Re: [HACKERS] [WIP] Effective storage of duplicates in B-tree index.

2019-07-06 Thread Peter Geoghegan

On Thu, Jul 4, 2019 at 5:06 AM Anastasia Lubennikova
 wrote:
> The new version of the patch is attached.
> This version is even simpler than the previous one,
> thanks to the recent btree design changes and all the feedback I received.
> I consider it ready for review and testing.

I took a closer look at this patch, and have some general thoughts on
its design, and specific feedback on the implementation.
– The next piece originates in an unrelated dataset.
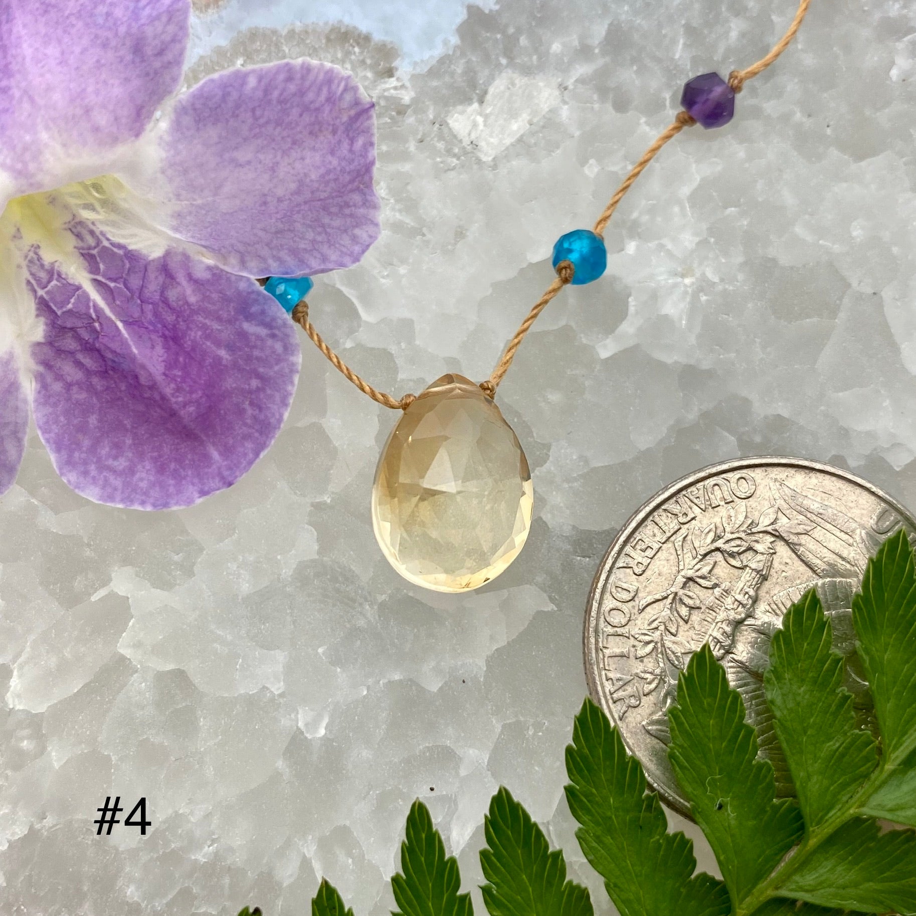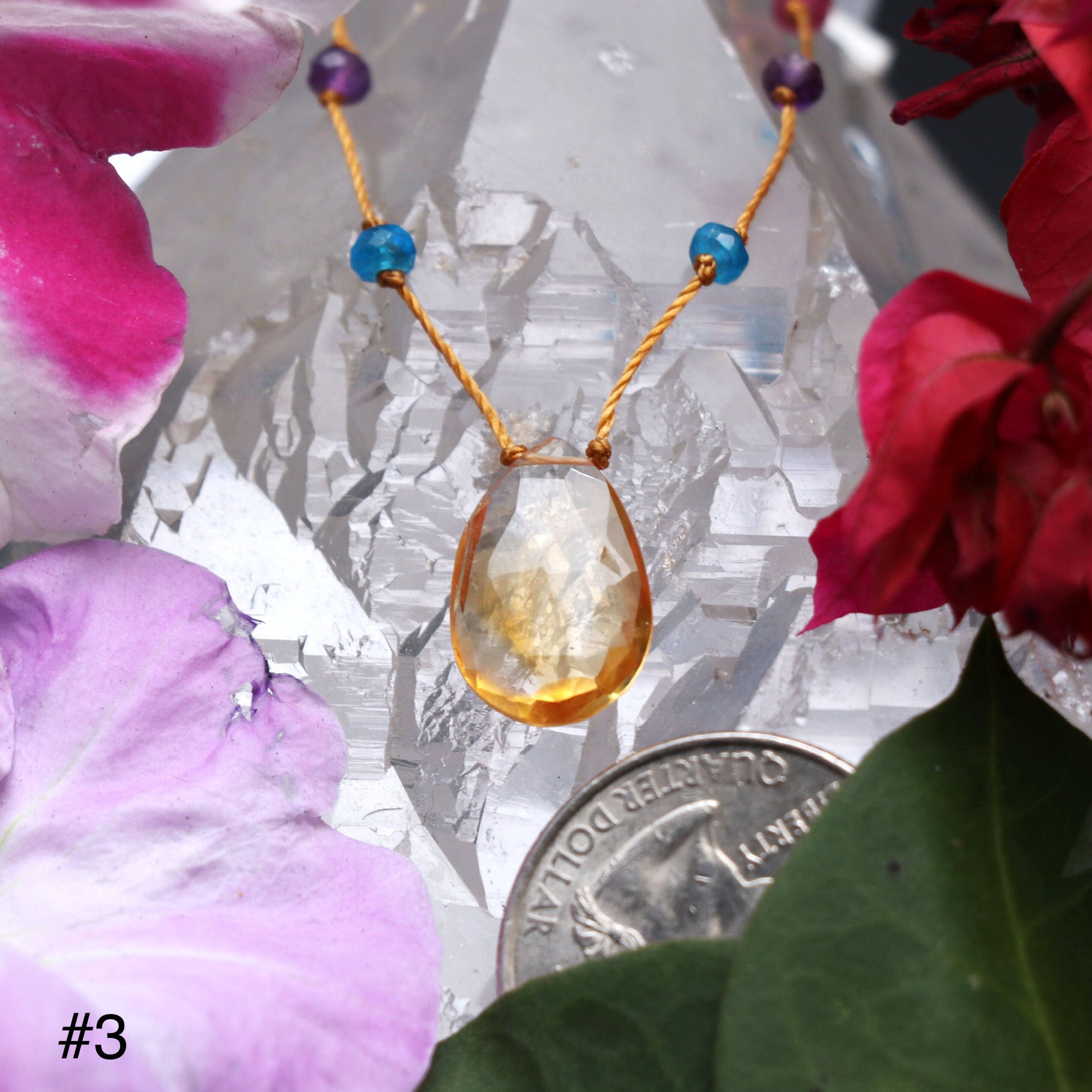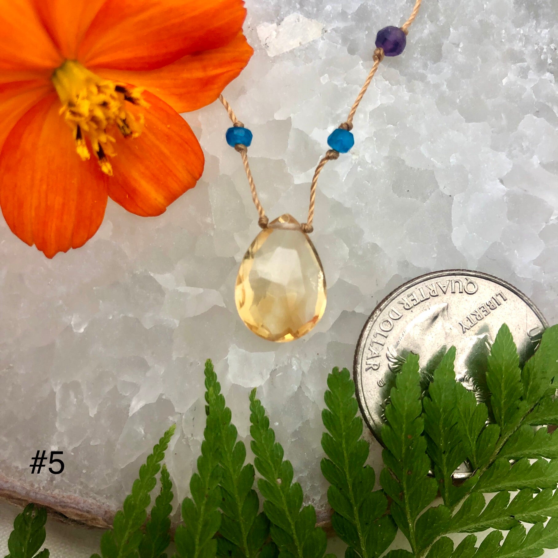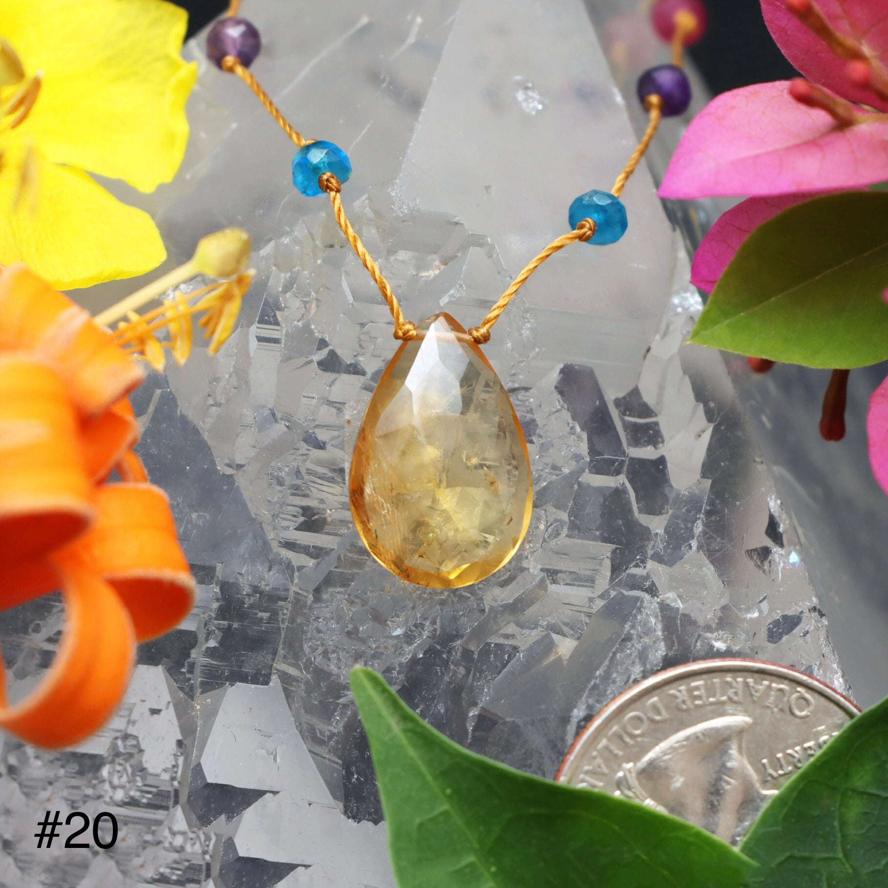 Perhaps the quintessential beginning of Rainbow Gems Kauai, our rainbow drops have been adorning people for over a decade. These delicate rainbow drops showcase the full light spectrum with carefully spaced individual gemstones, culminating in a featured crystalline drop. Just as rainbows herald new beginnings and luck these exquisite strands are the perfect place to begin your love affair with Amalia’s artwork. Many find that once they put on their rainbow drop they never take it off again, such is the nature of love. These strands are perfect for the minimalist at heart and make a striking impression stacked in a series with our other collections.

Preserving the *logical contents* of B-Tree indexes that use
compression is very important -- that should not change in a way that
outside code can notice. The heap TID itself should count as logical
contents here, since we want to be able to implement retail index
tuple deletion in the future. Even without retail index tuple
deletion, amcheck's "rootdescend" verification assumes that it can
find one specific tuple (which could now just be one specific "logical
tuple") using specific key values from the heap, including the heap
tuple's heap TID. This requirement makes things a bit harder for your
patch, because you have to deal with one or two edge-cases that you
currently don't handle: insertion of new duplicates that fall inside
the min/max range of some existing posting list. That should be rare
enough in practice, so the performance penalty won't be too bad. This
probably means that code within _bt_findinsertloc() and/or
_bt_binsrch_insert() will need to think about a logical tuple as a
distinct thing from a physical tuple, though that won't be necessary
in most places.

The need to "preserve the logical contents" also means that the patch
will need to recognize when indexes are not safe as a target for
compression/deduplication (maybe we should call this feature
deduplilcation, so it's clear how it differs from TOAST?). For
example, if we have a case-insensitive ICU collation, then it is not
okay to treat an opclass-equal pair of text strings that use the
collation as having the same value when considering merging the two
into one. You don't actually do that in the patch, but you also don't
try to deal with the fact that such a pair of strings are equal, and
so must have their final positions determined by the heap TID column
(deduplication within _bt_compress_one_page() must respect that).
Possibly equal-but-distinct values seems like a problem that's not
worth truly fixing, but it will be necessary to store metadata about
whether or not we're willing to do deduplication in the meta page,
based on operator class and collation details. That seems like a
restriction that we're just going to have to accept, though I'm not
too worried about exactly what that will look like right now. We can
work it out later.

I think that the need to be careful about the logical contents of
indexes already causes bugs, even with "safe for compression" indexes.
For example, I can sometimes see an assertion failure
within_bt_truncate(), at the point where we check if heap TID values
are safe:

/*
 * Lehman and Yao require that the downlink to the right page, which is to
 * be inserted into the parent page in the second phase of a page split be
 * a strict lower bound on items on the right page, and a non-strict upper
 * bound for items on the left page.  Assert that heap TIDs follow these
 * invariants, since a heap TID value is apparently needed as a
 * tiebreaker.
 */
#ifndef DEBUG_NO_TRUNCATE
Assert(ItemPointerCompare(BTreeTupleGetMaxTID(lastleft),
  BTreeTupleGetMinTID(firstright)) < 0);
...

This bug is not that easy to see, but it will happen with a big index,
even without updates or deletes. I think that this happens because
compression can allow the "logical tuples" to be in the wrong heap TID
order when there are multiple posting lists for the same value. As I
said, I think that it's necessary to see a posting list as being
comprised of multiple logical tuples in the context of inserting new
tuples, even when you're not performing compression or splitting the
page. I also see that amcheck's bt_index_parent_check() function
fails, though bt_index_check() does not fail when I don't use any of
its extra verification options. (You haven't updated amcheck, but I
don't think that you need to update it for these basic checks to
continue to work.)

Other feedback on specific things:

* A good way to assess whether or not the "logical tuple versus
physical tuple" thing works is to make sure that amcheck's
"rootdescend" verification works with a variety of indexes. As I said,
it has the same requirements for nbtree as retail index tuple deletion
will.

* _bt_findinsertloc() should not call _bt_compress_one_page() for
!heapkeyspace (version 3) indexes -- the second call to
_bt_compress_one_page() should be removed.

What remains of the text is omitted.